A Structural EM Algorithm for Phylogenetic Inference

A central task in the study of molecular evolution is the reconstruction of a phylogenetic tree from sequences of current-day taxa. The most established approach to tree reconstruction is maximum likelihood (ML) analysis. Unfortunately, searching for the maximum likelihood phylogenetic tree is computationally prohibitive for large data sets. In this paper, we describe a new algorithm that uses Structural Expectation Maximization (EM) for learning maximum likelihood phylogenetic trees.
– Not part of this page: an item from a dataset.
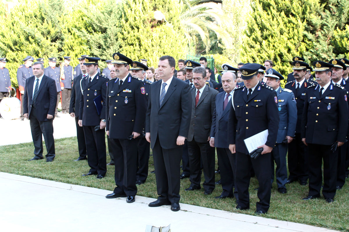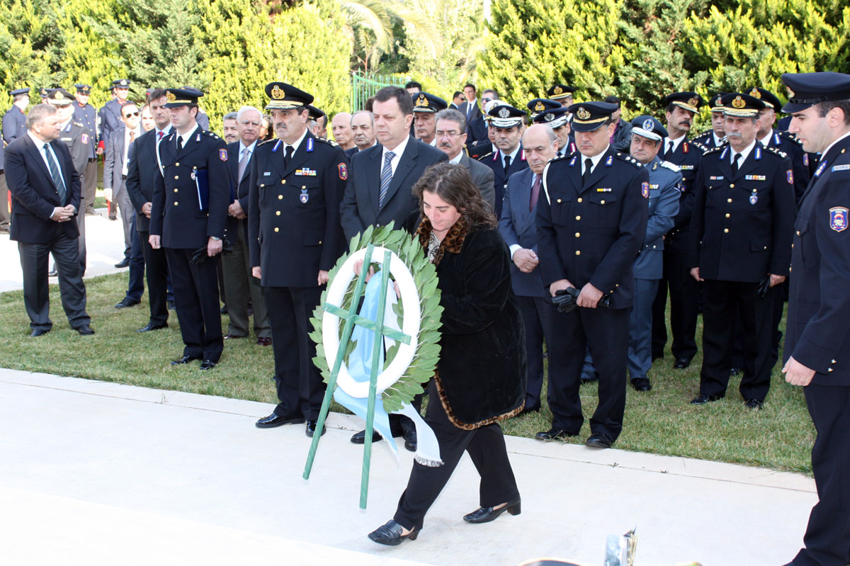 Στεφάνια κατέθεσαν ο Υφυπουργός Εσωτερικών κ. Παναγιώτης Χηνοφώτης, ο Αρχηγός του Π.Σ. Αντιστράτηγος Αθανάσιος Κοντοκώστας, οι εκπρόσωποι των συνδικαλιστικών οργανώσεων του Π.Σ., καθώς και οι συγγενείς των πεσόντων.

This algorithm is similar to the standard EM method for edge-length estimation, except that during iterations of the Structural EM algorithm the topology is improved as well as the edge length. Our algorithm performs iterations of two steps. In the E-step, we use the current tree topology and edge lengths to compute expected sufficient statistics, which summarize the data. In the M-Step, we search for a topology that maximizes the likelihood with respect to these expected sufficient statistics. We show that searching for better topologies inside the M-step can be done efficiently, as opposed to standard methods for topology search. We prove that each iteration of this procedure increases the likelihood of the topology, and thus the procedure must converge. This convergence point, however, can be a suboptimal one. To escape from such "local optima," we further enhance our basic EM procedure by incorporating moves in the flavor of simulated annealing. We evaluate these new algorithms on both synthetic and real sequence data and show that for protein sequences even our basic algorithm finds more plausible trees than existing methods for searching maximum likelihood phylogenies. Furthermore, our algorithms are dramatically faster than such methods, enabling, for the first time, phylogenetic analysis of large protein data sets in the maximum likelihood framework.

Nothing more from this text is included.